Thatched houses have existed in Japan for at least 5,000 years, but today they’re found only in a handful of villages across the country. As a young man, Haruo Nishio, now 51, moved to rural Miyama in the mountains north of Kyoto to become a thatcher. Against all odds, he mastered this ancient craft and launched his own business, Miyama Futon & Breakfast, renting traditional rural homes and sharing his devotion to thatched houses. His book, “Why I Became a Thatcher,” is available on Amazon.

1. When did you move to Miyama?In 1994, after graduating from university in Kyoto, I moved to Miyama to apprentice as a thatcher. When I was a student, I couldn’t imagine myself wearing a suit and belonging to a company. I had a vague idea that I wanted to live in the countryside and work with my hands.

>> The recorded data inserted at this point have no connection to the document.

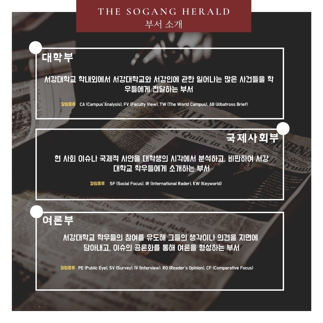 *문의사항: 010-8582-0843 (서강헤럴드 편집장 최진영), herald@sogang.ac.kr, ‘서강헤럴드 The Sogang Herald’ 페이스북 페이지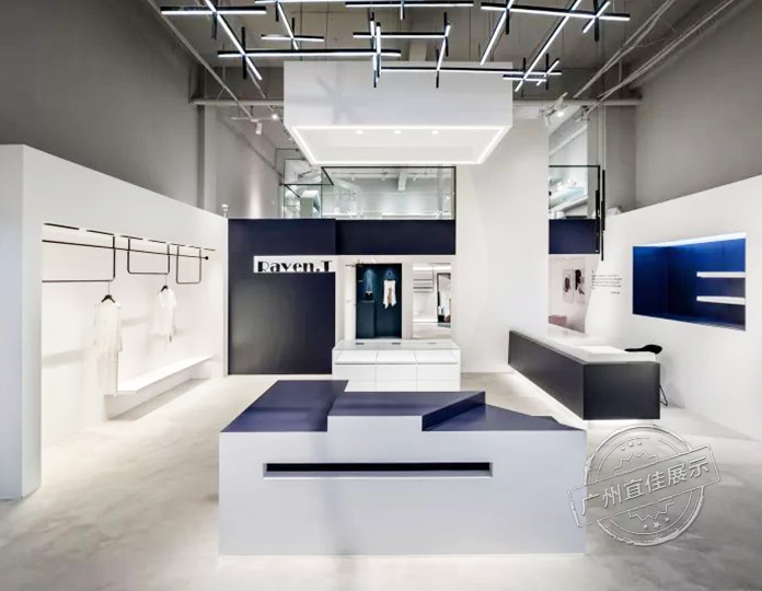 Ravent.T女裝店整個(gè)店面非常簡(jiǎn)單,設(shè)計(jì)中要滿足不同功能的同時(shí),還要將空間的行走動(dòng)線與服裝展示融合進(jìn)去。滿足服裝展柜展示,更衣,休息交流的功能,達(dá)到沉浸式購(gòu)物的效果。二層小童區(qū)的白色房子造型輪廓顯得格外突出。劃分整個(gè)二層展示與接待的功能,孩子們可以在這些造型中穿梭、游戲,這種直接具象造型的做法強(qiáng)調(diào)了孩子童真的本性,低飽和度的藍(lán)色和粉色調(diào)節(jié)了灰色的沉悶,使空氣中帶有一種自由性、純真性、夢(mèng)幻性。每個(gè)細(xì)節(jié)的雕琢都經(jīng)過反復(fù)考量和推敲。服裝展柜基于空間性質(zhì)和細(xì)部考量,從燈光、陳列到色彩配置,Raven.T在展示商品的同時(shí)始終注重購(gòu)物體驗(yàn),顯現(xiàn)出極高的品質(zhì)。
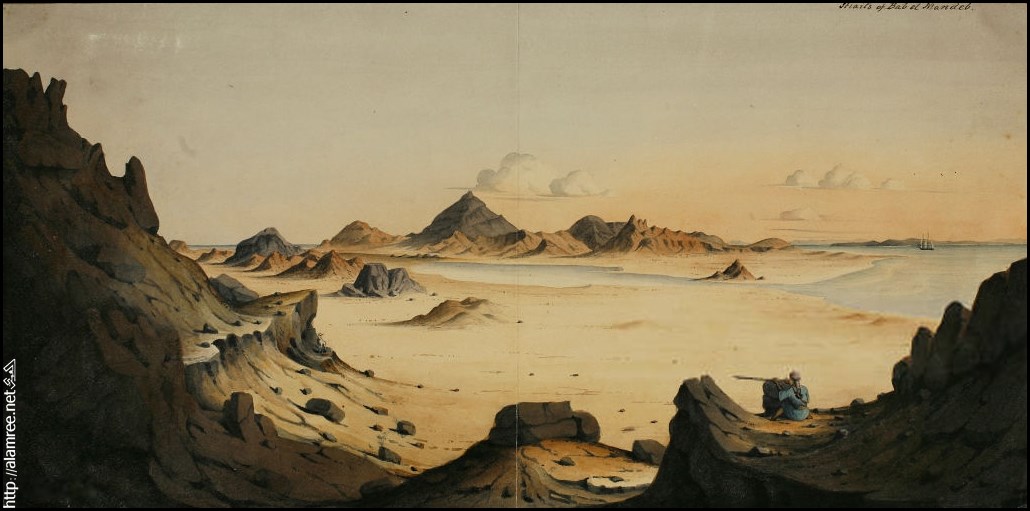 مضيق بال المندب ، عا م 1830م (تصوير روبرت كيرك / الجمعية الجغرافية الملكية |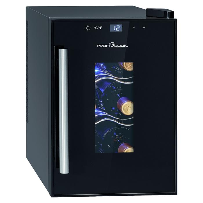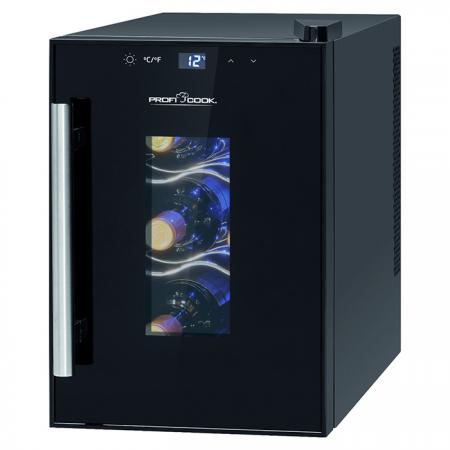 Συντηρητής κρασιών χωρητικότητας 6 μπουκαλιών (17L), 21.6W.Για τους λάτρεις του καλού και ποιοτικού κρασιού, η συλλογή τους είναι η περιουσία τους! Για να διατηρηθεί και να εξελιχθεί όπως πρέπει και αξίζει, χρειάζεται ένα περιβάλλον με την κατάλληλη σταθερή θερμοκρασία, σωστή κυκλοφορία του αέρα, χωρίς οσμές και κραδασμούς. Ο συντηρητής κρασιών PROFI-COOK PC-WK 1230, με χωρητικότητα 6 μπουκαλιών των 0,75L, μοντέρνα γραμμή και υψηλή αισθητική, σε μαύρο χρώμα, είναι η ιδανική επιλογή. Διαθέτει πίνακα ελέγχου με οθόνη LCD, με μπλε ψηφιακές ενδείξεις, και χαμηλό επίπεδο θορύβου χωρίς κραδασμούς. Με αυτόν το μοντέρνο συντηρητή κρασιού, μπορείτε να είστε ήσυχοι ότι τα κρασιά σας διατηρούνται ακριβώς στις απαιτούμενες θερμοκρασίες. Έτσι, μπορείτε να ανοίξετε οποιοδήποτε μπουκάλι, με την σιγουριά ότι θα απολαύσετε και θα ευχαριστηθείτε εσείς, οι επισκέπτες ή η οικογένεια σας ένα εκπληκτικά δροσερό ποτήρι κρασί. Τεχνικά χαρακτηριστικά:- Χωρητικότητα: 17lt - Χωρητικότητα σε φιάλες: 6 x 0,75L - Πίνακας ελέγχου με οθόνη LCD- Ψηφιακές ρυθμίσεις θερμοκρασίας με μπλε φωτισμό - Διαθέτει πλήκτρα αφής, για εύκολο χειρισμό- Θερμοηλεκτρική ψύξη - Δεν λειτουργεί με συμπιεστή - Κλιματική κλάση N (+16°C έως +32°C) - Χαμηλό επίπεδου θορύβου ? 26 dB, χωρίς κραδασμούς - Οικολογικό ψυκτικό υγρό: R600a- Ενεργειακής κλάσης: GΓενικά χαρακτηριστικά: - Ηλεκτρονική ρύθμιση θερμοκρασίας και ηλεκτρονικός έλεγχος - Ρυθμιζόμενο εύρος θερμοκρασίας: +11°C έως 18°C (δεν μπορεί να πιάσει υψηλότερη θερμοκρασία από τη θερμοκρασία περιβάλλοντος στον τόπο εγκατάστασης)- Εσωτερικός φωτισμός LED, που ενεργοποιείται με ανεξάρτητο διακόπτη και φωτίζει όμορφα την συλλογή σας - 3 επίπεδα αποθήκευσης με 2 αποσπώμενα ράφια χρωμίου, για εύκολη πρόσβαση και αποθήκευση - Πόρτα από τριπλό γυαλί με ειδικό φίλτρο προστασίας UV- Πρακτική λαβή από ανοξείδωτο ατσάλι, για εύκολο άνοιγμα - Δεξιόστροφο άνοιγμα πόρτας- Ρυθμιζόμενα σε ύψος ποδαράκια - Χρώμα περιβλήματος: Μαύρο - Εξωτερικές διαστάσεις: 39,5 x 24,6 x 50cm (ΠxΒxΥ)- Εσωτερικές διαστάσεις: 32 x 18 x 28 cm (ΠxBxY) Στοιχεία κατανάλωσης:- Κατανάλωση ενέργειας /24h: 0.518 kWh- Κατανάλωση ενέργειας / έτος: 189 kWh Ηλεκτρική σύνδεση - Τάση: 220-240 V, 50-60 Hz - Ρεύμα: 0.42A- Ισχύς: 21,6W

I had no money, no special abilities; only motivation and physical strength. I (saw) an article on apprenticeships for thatchers. (It) said that in Miyama there were only two craftsmen, in their 60s, who didn’t have any successors. I instantly decided to go.

2. Did your family support your decision? No one agreed with me. My friends and relatives all said, “Are you stupid? Thatching is going to disappear, why would you choose this career after graduating from university?” My father got me a job offer from an insurance company, but I turned it down and came to Miyama instead.